The silvery girl spoke at last. Apparently she had heard everything, had simply seen no need to comment. “We can have a little free-fall. We can have a little comb-out. But we probably won’t need to arrange it right away as the next observation period is only—” A meaningless squawk, but Doc Chimp filled in:
“She means about fifteen minutes away.”
It took a moment for Pertin to realize that the girl’s words had been in English. He looked at her curiously, but there was no time to think about that. Tine,” he said. “How many were involved in the bombing?”
“Not less than three nor more than eight,” piped the Pmal translator, responding to the T’Worlie’s whistle, “Out of how many in the crew?”
The T’Worlie hesitated. “There are in excess of three hundred thousand beings at present existing within the ship’s hull. Of these, a large number are collective creatures.”
“Not counting the Boaty-Bits, I mean how many individuals?”
“There are not less than two hundred forty nor more than two hundred fifty.”
Pertin said, “So the troublemakers are a tiny fraction. That’s good. Well broadcast a ship wide alarm. Most of the crew will cooperate—”
He stopped, staring at the silver pseudogirl. “What’s the matter?”
She had stretched out her fingertips towards the entrance port, almost in the traditional pose of a human sleepwalker.
“The matter,” she said in her incongruous colloquial English, the tones as deep as Pertin’s own, “is that the tiny fraction of troublemakers is coming back.”
A moment later no one needed the silvery girl’s fingers to hear for them; the sound of a rush grew rapidly louder: a crackling electrical sound, like the patter of a collapsing charge field. Into the room burst what looked at first like a single huge blue eye.
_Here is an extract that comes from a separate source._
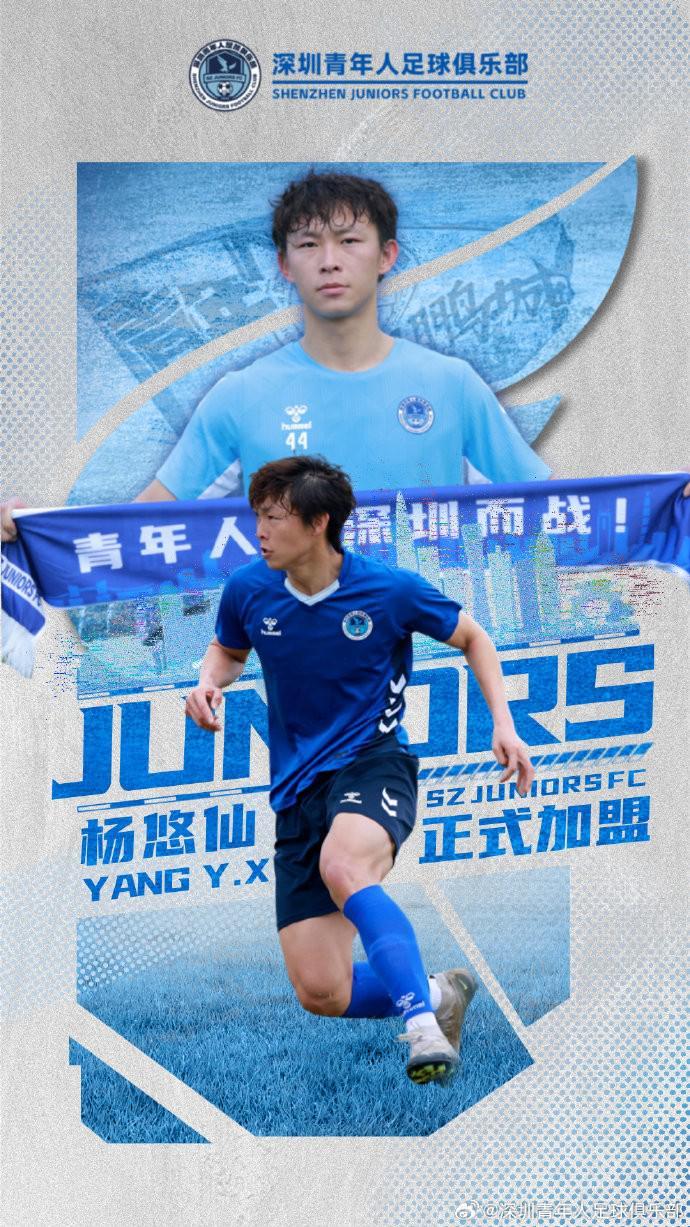 经与球员本人友好协商并达成一致,球员杨悠仙正式加盟深圳青年人足球俱乐部。

“Sirian!” howled Doc Chimp in terror, and tried to leap out of the way. But not even his simian muscles had the strength to leap, and the surging G-force of the rockets made him stumble and fall heavily on his side against the silvery girl. At one stroke, two-thirds of the beings able to move at all in the high-G field were immobilized; the T’Worlie, the purchased person and Ben Pertin himself were wholly useless while the rockets were on. The Sirian, moving by electrostatic forces, was immune to mere ten and twelve-G thrusts; and he bore with him something that glittered, carried under the great forward eye in a pair of crablike pincers, tiny and almost invisible.